There's no shortage of doomsayers, who correctly point out that the FedGov's total debt is shown in the clock below (for which, thanks to zFacts.com, though they mistakenly call it the National Debt. It's the debt of the government, not the nation.) They say that since this nearly $14T debt is around four times the total the Feds receive in revenues each year, it is impossible to pay it off (even a 10% tax hike would pay only the interest on that $14T principal, leaving it unaffected) so quite soon there must be either "sovereign default" or else massive inflation.

The Gross National Debt

Why the latter? - because if someone owes a large sum, it's much to his advantage if the value of the "money" owed is reduced.

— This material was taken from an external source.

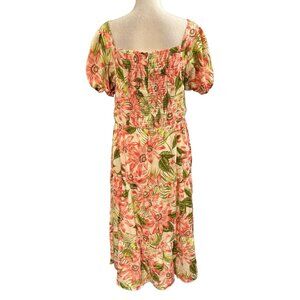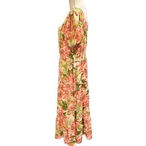 Julia Jordan Dress Womens 14 Tropical Floral Smocked Tiered Midi Vacation Resort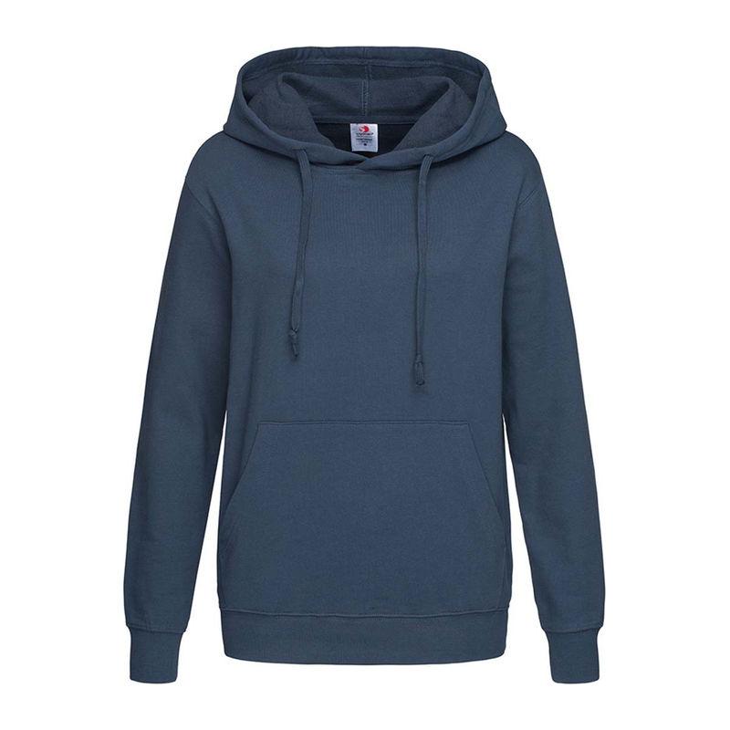 A durable ring-spun cotton-polyester-blend, midweight hooded sweatshirt for women, brushed inside with kangaroo pocket, elastic cuffs and waistband.

Say he mortgaged a home for $300,000 but that within a few years inflation tripled his nominal salary (though not its purchasing power, of course.) It would then be much easier to pay off the $300K, using these low-value dollars. Inflation always favors debtors over creditors, which is why governments can get public support for it.

However, can governments pull this trick? - I'm not so sure. Perhaps they can if they own and operate their own central bank, but in America "money" is created by the flimflam of selling an IOU to the Federal Reserve. The Fed holds nearly half of that $14T total debt, as a result. So if for example the FedGov created a fresh $1.5 trillion to pay off Chinese creditors (so increasing the money supply by that amount and stimulating a 12.5% inflation rate) it would simultaneously add $1.5T to its debt to the Fed. The total debt would therefore not change. Because of the peculiar arrangement of the Federal Reserve, the above option of massive inflation does not seem to me available. (It may happen anyway, but it won't help the government reduce its debts.)

So that leaves the other option: "sovereign default." The FedGov would at some time admit it's in over its head and declare that it will not honor its obligations. Nobody will get paid; not the Chinese, not the pension-fund operators who depend on it for your retirement pay, not other real investors, and not the Fed. The chaos would be unprecedented. It's one consequence of allowing government to exist.